A systems biology-based approach to screen key splicing factors in hepatocellular carcinoma
Abstract
A splicing factor is as an important upstream regulator of the alternative splicing process. Hence, it is considered to be a therapeutic target for hepatocellular carcinoma (HCC) tissues. In this study, a systems biology-based methodology was used to screen the essential splicing factors precisely and efficiently. A more comprehensive set of alternative splicing events, which were linked to patient survival, was constructed by performing the bivariate Cox regression and receiver operating characteristic (ROC) analyses. Then, the expression data was obtained from The Cancer Genome Altas (TCGA) data set and the three Gene Expression Omnibus (GEO) datasets. It was used to obtain the survival-related splicing factors, which showed a significantly differential expression in the tumor and normal tissues. Using the topological properties of the bipartite graph association network of the alternative splicing events and the splicing factors, we identified the five key splicing factors.

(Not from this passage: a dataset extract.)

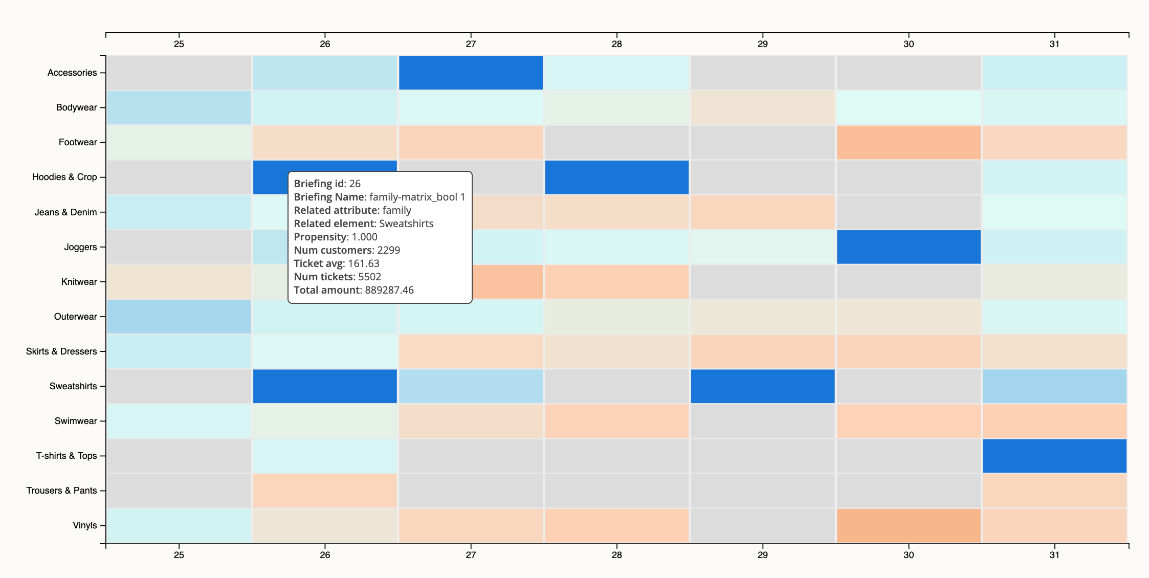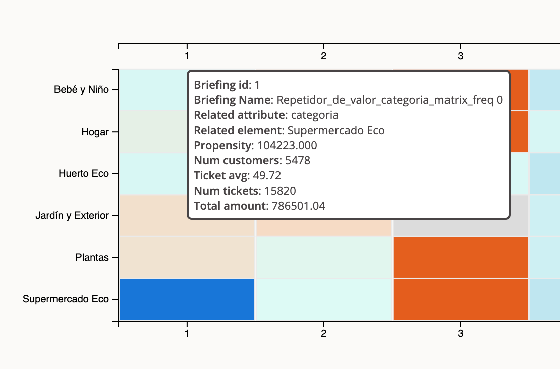 Importante! Cuanto más azul es una celda, mayor es la propensión hacia aquel eje, mientras que cuanto más rojo menos propenso es ese cliente a comprar un determinado producto.

Among them, four factors were found to play a prominent role in the development of HCC. The remaining factor was Survival Motor Neuron Domain Containing 1(SMNDC1), which showed a positive correlation with the immune cell infiltration, the biomarkers of immune cells, and the immune checkpoint genes. By performing quantitative real-time polymerase chain reaction analyses, we proved that SMNDC1 was overexpressed in tumor cells. Following the knockdown of its expression, the proliferation and the migration of HCC cells could be suppressed. These results confirmed that the screening method of this study was reliable and accurate. It provided new insights into the mechanism through which splicing factors elicit tumor development.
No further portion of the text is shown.